The evidence for this claim about low, unattractive valuations is valid: Cap rates for prime MF assets are around 5.06% (CoStar has them at 5.38%) but yeah, that does not match up with current interest rates. Yes, I know that cap rates are not exactly the same as returns, but IN GENERAL, if you’re buying a 5.06% property and want to use a loan for it, you could easily be paying a higher interest rate for the loan than the cash flow you generate from the property.

Also, there’s the idea that MF investments at current cap rates may not have as attractive risk-adjusted returns as putting money into Treasuries.

Rebuttal: Look at the future and not the present, which is going to be a theme. High interest rates are driving cap rates this high. Interest rates will not stay as high as they are now forever. We may have a higher interest rate than we had in the 2010s, but it’s going to get lower than it is right now, and this is a thought that people are thinking right now when they are buy/selling MF real estate.

2. Rent Growth Claim

Not necessarily set in stone here, but sure, it is expected that rent growth will continue to stagnate in 2024.
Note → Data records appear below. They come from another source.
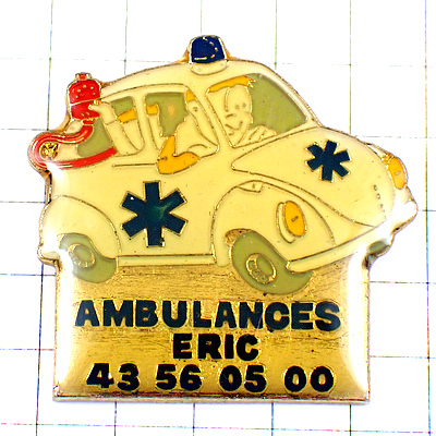 ピンバッジ・ワーゲンビートル救急車ブルー青いマーク緊急輸血救急医療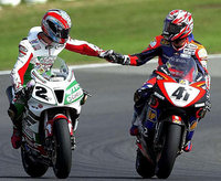 SuperstockのYamaha R1がSuperbikeとほとんど変わらない性能を発揮した話はちょっと前にしたけど、決勝でもその実力は健在で1、2フィニッシュだったみたい。3位にはこれも新型のKawasaki ZX-10Rに乗るニッキー・ヘイデンの兄弟達(Tom, Roger)が同じチームで3, 5位に入っていたので、ZX-10Rのデビューとしてはまずまずなのでは?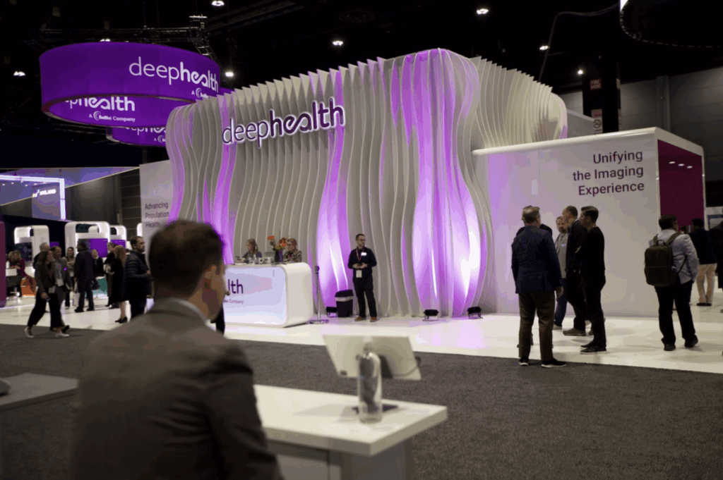 RadNet’s Chicago booth, bathed in lavender lights with a purple banner that read, “Unifying the Imaging Experience,” wasn’t the only one hawking AI solutions.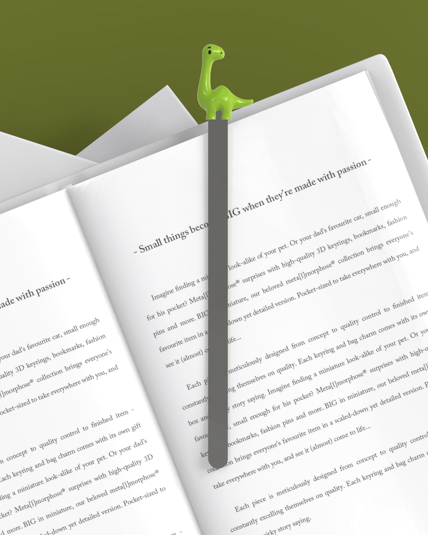 Dinosaure diplodocus marque page en métal vert Metalmorphose

“The only word I have for this mass of supply is an onslaught.”

Trench argues that the “construction boom . . . is accelerating.”

As Trench puts it, with this supply driving rents down, and the potential for renting preferences to shift toward single family homes, rents could fall further in 2024. He also argues that high interest rates could be a drag on apartment demand because people will stay in their homes and not sell, and then not rent?

Source: CoStar

Rebuttal: High interest rates impact on rental demand is not a straightforward or common claim and lacks supporting evidence, yes, we are in the midst of a historic amount of new apartment consdtruction which will be a drag on rents. But the crux of my rebuttal is the same as it was on valuations: Look to the future, not the present. Construction is actually decelerating. Investors are factoring this into their expectations, and this could be a big reason why so many investors intend to get back into the market this year. Not because of this year, but they foresee a dip in apartment supply in later 2025 and beyond.

3. Expenses Claim

This one isn’t as lengthy in terms of evidence, and I don’t have as much insight into this from my own perspective, but I am well, well aware that expense growth soared in 2023.
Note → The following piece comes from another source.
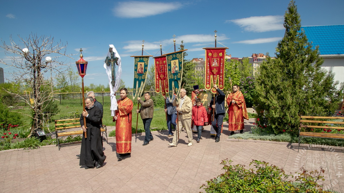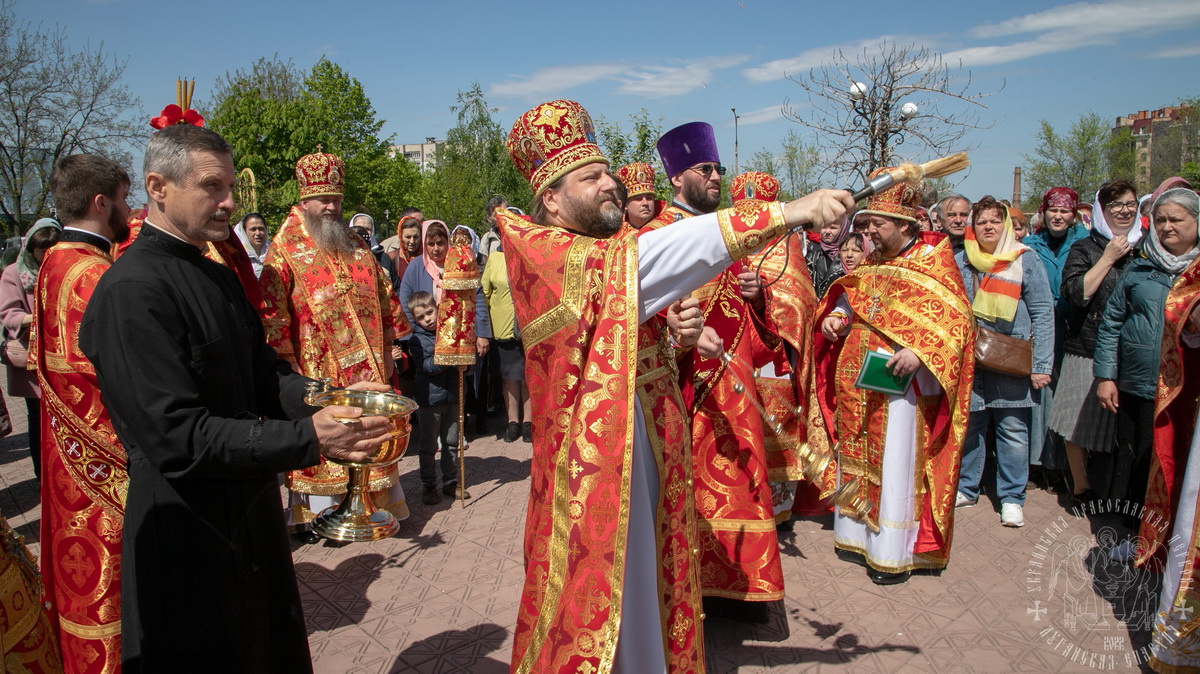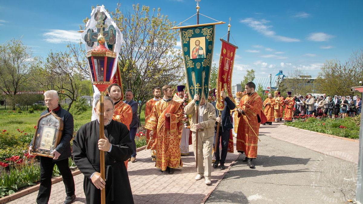 Сразу по окончании литургии был совершен крестный ход вокруг храма Пасхальным чином.

Insurance premiums, tax increases due to newly-assessed value increases are two major expenses that BP CEO Scott Trench cites as evidence here.

Rebuttal: Again, look to the future and look at the trend rather than a snapshot in time. This is out of my depth, but what I’ve heard is that expense growth is not as sharp as it used to be. Also, to be a little more nit-picky, to cite valuation increases, even if they’re in the context of rising tax expenses, to cite valuation increases as part of an argument for valuation DEcreases, that’s not the best evidence there.

4. Interest Rates Claim

The only way rates come down is if it’s a recession.
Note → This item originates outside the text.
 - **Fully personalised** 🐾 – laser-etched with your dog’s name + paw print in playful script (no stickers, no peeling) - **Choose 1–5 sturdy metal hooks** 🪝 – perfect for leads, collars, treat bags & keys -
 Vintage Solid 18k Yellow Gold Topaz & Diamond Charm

Spencer, I’d like you to tackle this one, because it deals with forecasts for the 10YT, but from what I gather, BP CEO Scott Trench seems to claim here that the Fed is going to take rates to 4.5% for Fed funds and keep them there.

Rebuttal: Again, this looks at the present and not enough at the future. I am in now way a Pollyanna on this topic, but rates will get lower than 4.5%. Look at the Fed dot plot!